Элайджа сидит, пока самолет не останавливается окончательно. Дэнни передает ему сумки. Пенелопа наклоняется к его уху и признается, что не может поверить, что она уже в Венеции. Элайджа кивает и смотрит в окно. Венеция. Хотя на самом деле еще не Венеция, а аэропорт. Снаружи идет дождь.
***
Элайджа ничего не может с собой поделать – он машинально прочесывает взглядом толпу на выходе из таможни, глядя, не встречает ли его кто-нибудь. Как будто Кэл действительно могла переехать на своей зверской «камаро» Атлантический океан и даже тут выделяться из толпы.
– Пошли, – говорит Дэнни, закидывая сумку повыше на плечо. – И шнурки завяжи.
Элайдже плевать на шнурки, но он послушно завязывает. В толчее аэропорта он едва не теряет Дэнни из виду. На это ему тоже почти что плевать, вот только у Дэнни все деньги и только он знает название отеля (типичный Дэнни).
Элайджа несколько мгновений представляет, каково будет сейчас раствориться в толпе, самому как-нибудь добраться в Венецию, неделю выживать своим умом, а через неделю вернуться и улететь домой вместе с братом. Ну не может же Дэнни возражать?
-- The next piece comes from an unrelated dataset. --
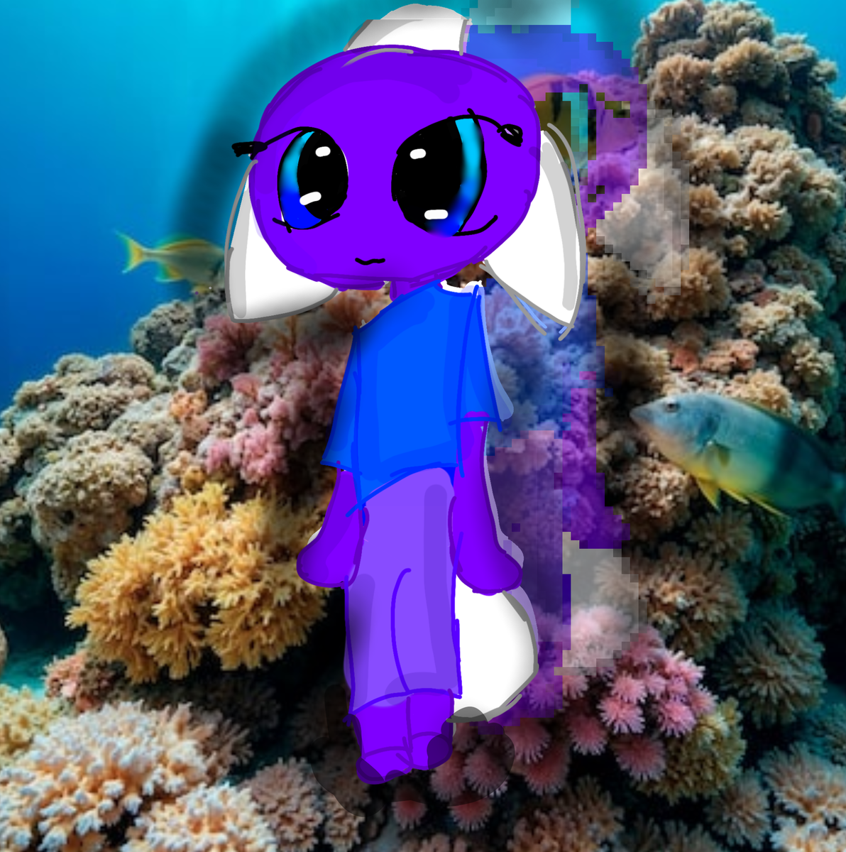 Внешка: фиолетовая рыбка с синей футболкой и с фиолетовыми штанами

Но Дэнни останавливается. Дэнни стоит и смотрит – поглядывает на часы, притопывает ногой, поторапливая Элайджу. Между ними снуют груженые вещами толпы со всего мира. Семьи с чемоданами. Маленькая девочка, которая уронила куклу-русалочку. Элайджа отдает ей куклу и догоняет брата.
– Чего ты так долго? – спрашивает тот.
Элайджа не знает, что ответить. Специально для таких случаев кто-то придумал пожимать плечами, так что именно это он и делает.
***
В Италии Дэнни должен чувствовать себя богачом, но чувствует себя бедняком. Обменяв сто двадцать долларов на сто восемьдесят тысяч лир, любой человек должен ощутить, что обогатился. Но вместо этого такая сделка обесценивает всю идею богатства. Нули – главная мера успеха каждого американца – абсурдны и гротескны.
Женщина в бюро обмена отсчитывает деньги с улыбкой, как бы говоря: «Посмотри только, сколько у тебя денег». Но Дэнни чувствовал бы себя надежнее даже с фальшивыми купюрами из «Монополии».
Он ведет Элайджу к остановке вапоретто. Просто возмутительный вид транспорта – и, конечно, кроме как на них, из аэропорта в Венецию добраться практически невозможно. Дэнни охватывает одно из худших на свете чувств: понимание, что сейчас он заплатит как миленький и ничего не сможет с этим сделать.
– Сто двадцать тысяч лир за двоих, – произносит капитан вапоретто (вапореттёр?) на ломаном английском. Дэнни качает головой. – Лучшая цена! Сто процентов! – настаивает водитель.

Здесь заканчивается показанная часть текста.